● **Aim of the task**: Copy, in full, each line of the material that holds the word "ورید".

★ ★ ★ ★ ★

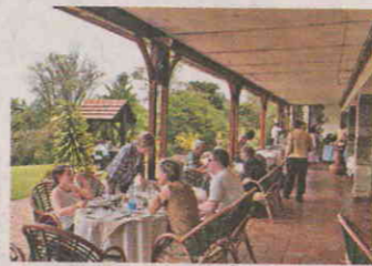
住客可在附近的 Outdoor 酒店，食午餐後才入公園。

a. Treetops 地址：Aberdare National Park, Kenya 房價：雙人房由 $1,764 起，包 3 餐及野外 Safari Game Drive 網址：www.aberdaresafarihotels.com/
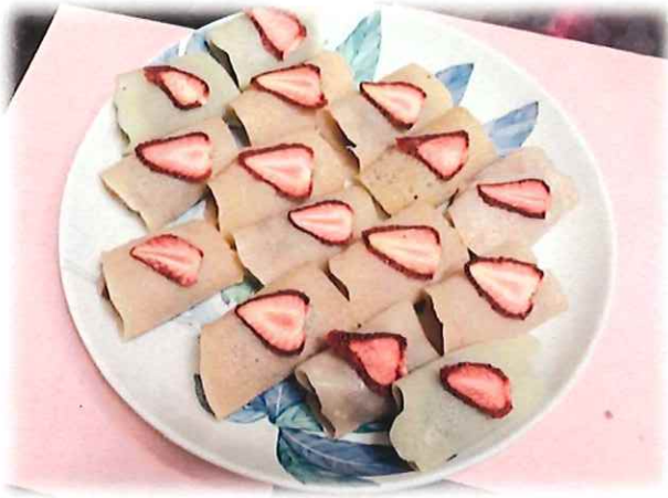
桜餅の苺バージョン
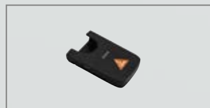
Etui do ładowania CC1 [02]
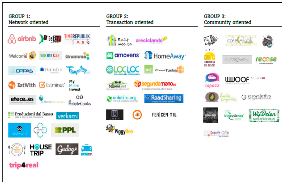
Figura 5. Tipología de plataformas de consumo colaborativo
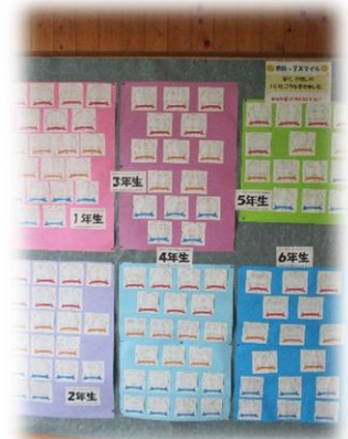
全校の自分のよいところを掲示しました。
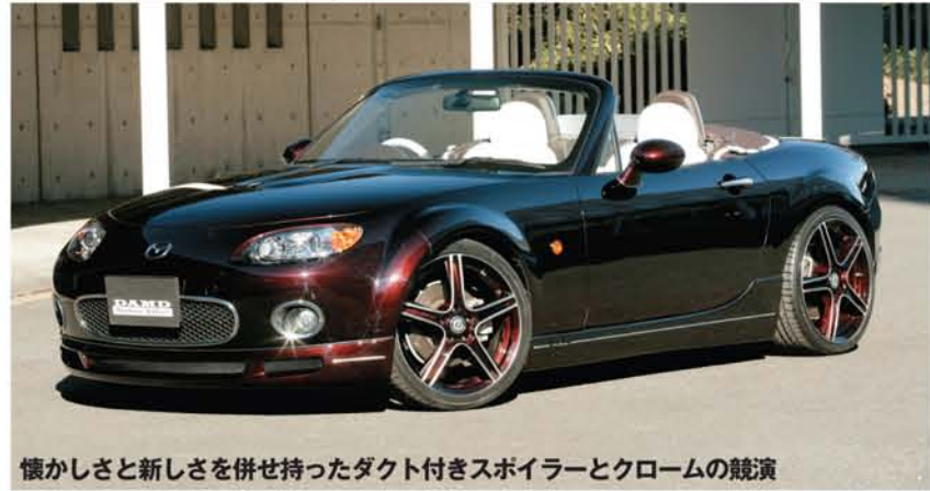
懐かしさと新しさを併せ持ったダクト付きスポイラーとクロームの競演
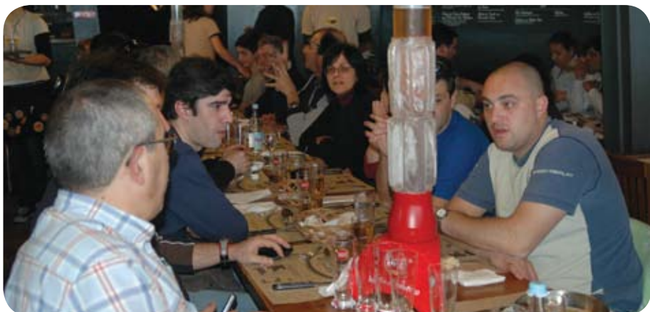
Motards de Vila do Conde; Porto e Leiria
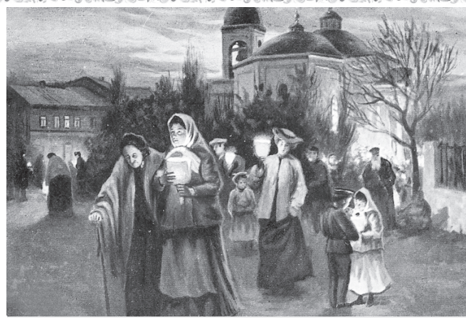
«Вихід з церкви в Страсний четвер»

Нехай наша радість у Христі Воскреслому примножується в нас, а через нас – і в усьому світі. Будемо ж
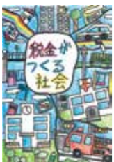
仙台中法人会 女性部会 部会長賞
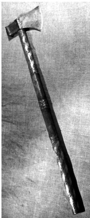
Ил. 4. Парадный топор с золотой наводкой (5515 ОП)
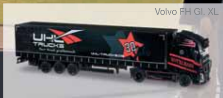
Volvo FH Gl. XL
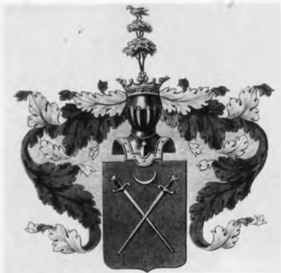
Герб рода Карамзиных.
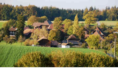
Blick auf Herzwil
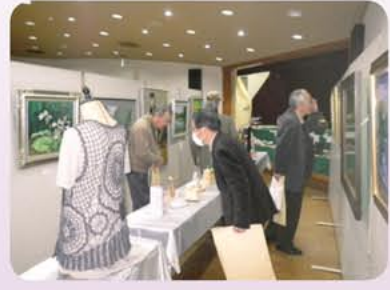
▲会場内をじっくり鑑賞中
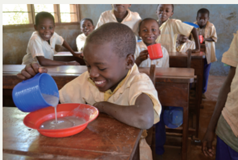
TABLE FOR TWO
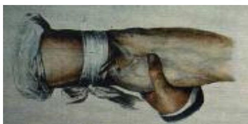
شکل ۷: خونگیری از ورید (۱۰)

ابزارهای به کار رفته شامل لانست و Fleam می‌باشند. لانست شستی کوچک با نوک تیز، ابزار جراحی است که برای فلوتومی انسان به کار می‌رفت. بازوی بیمار در بالای آرنج با یک نوار پارچه‌ای محکم بسته می‌شد تا ورید را فشار دهد. اما نه آن قدر محکم که نبض شریان را کاهش دهد. تیغه لانست بین شست و انگشت سبابه قرار می‌گرفت و دست با سه انگشت دیگر حمایت می‌شد. سپس لانست در یک جهت وارد ورید می‌شد تا خون از این نقطه بیرون آید. لبه فوقانی لانست در یک خط مستقیم کشیده می‌شد تا پوست را هم سایز ورید زخم کند.
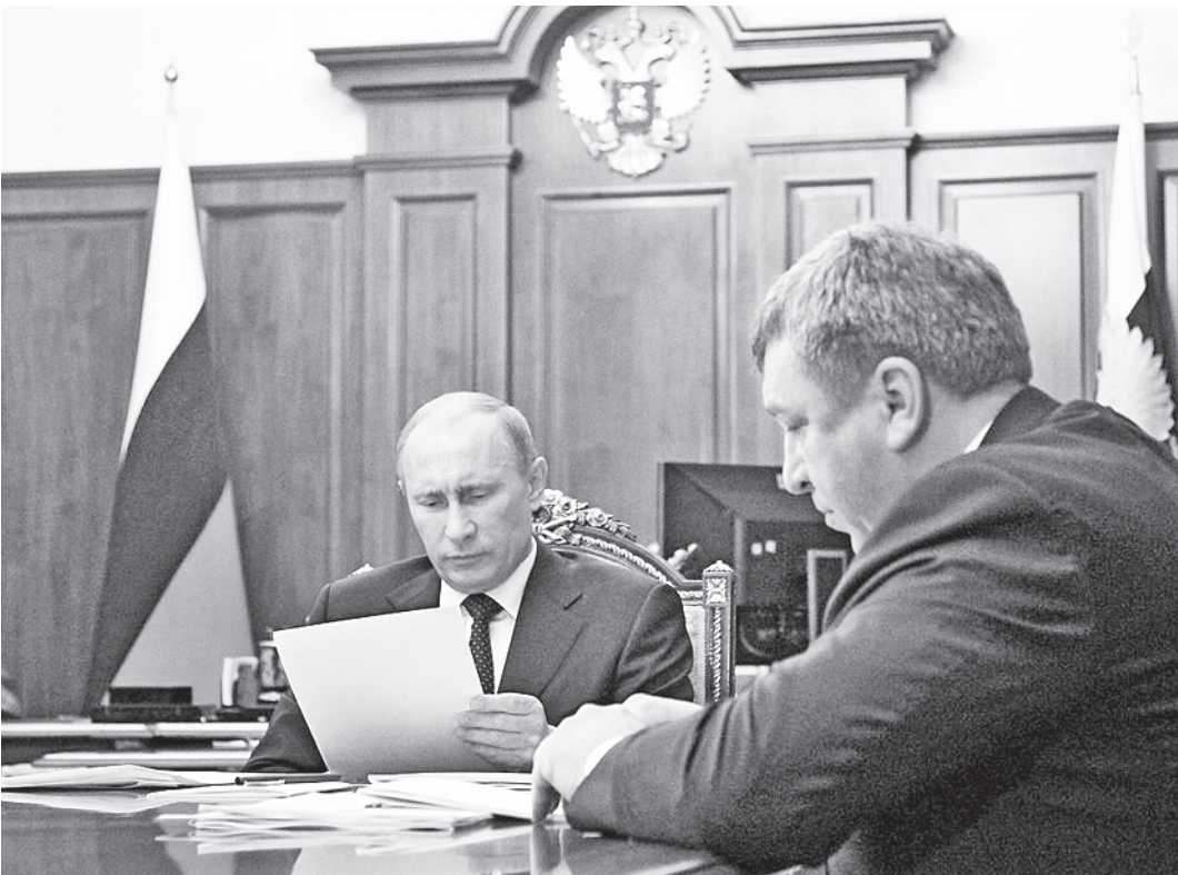
По требованию Владимира Путина может быть введено более жесткое ограничение по росту стоимости платежей за коммунальные услуги.
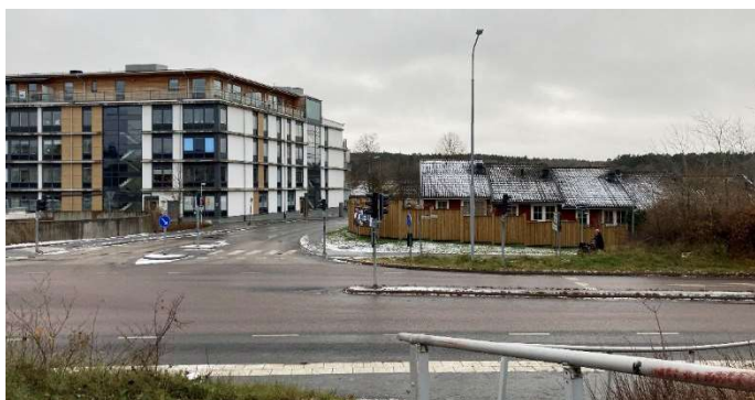
Korsningen Rosenvägen/Enebybergsvägen, med Eneby torg till vänster i bilden och radhusbebyggelsen inom Plogan 13 till höger.

Utredningsområdet gränsar till lokalgatan Rosenvägen i söder och Enebybergsvägen i öster. Flera gång- och cykelvägar finns i närområdet. Utmed Enebybergsvägen finns även ett regionalt cykelstråk, som ska rustas upp i samband med den planerade upprustningen av Enebybergsvägen.
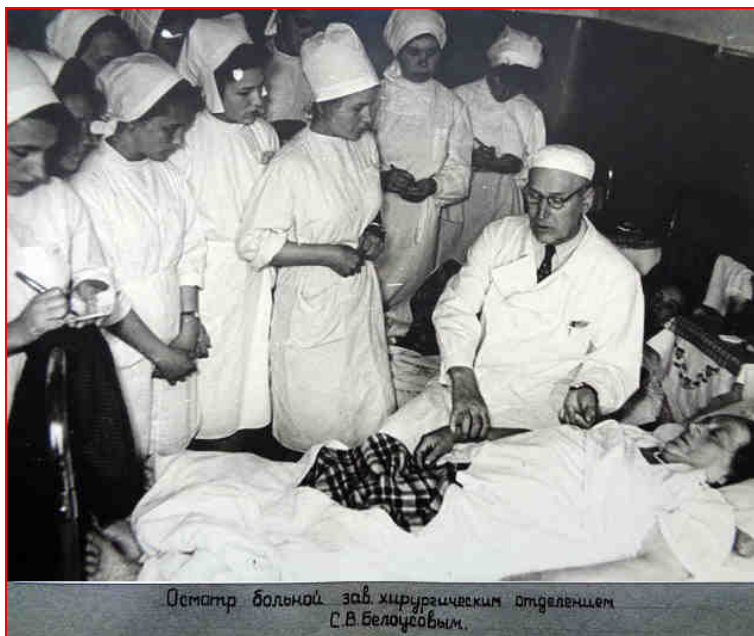
(фото из фотоальбома «150-летие 1-й горбольницы», 1962 г.)

★ ★ ★ ★ ★

● **Output for this exercise**:
شکل ۷: خونگیری از ورید (۱۰)
ابزارهای به کار رفته شامل لانست و Fleam می‌باشند. لانست شستی کوچک با نوک تیز، ابزار جراحی است که برای فلوتومی انسان به کار می‌رفت. بازوی بیمار در بالای آرنج با یک نوار پارچه‌ای محکم بسته می‌شد تا ورید را فشار دهد. اما نه آن قدر محکم که نبض شریان را کاهش دهد. تیغه لانست بین شست و انگشت سبابه قرار می‌گرفت و دست با سه انگشت دیگر حمایت می‌شد. سپس لانست در یک جهت وارد ورید می‌شد تا خون از این نقطه بیرون آید. لبه فوقانی لانست در یک خط مستقیم کشیده می‌شد تا پوست را هم سایز ورید زخم کند.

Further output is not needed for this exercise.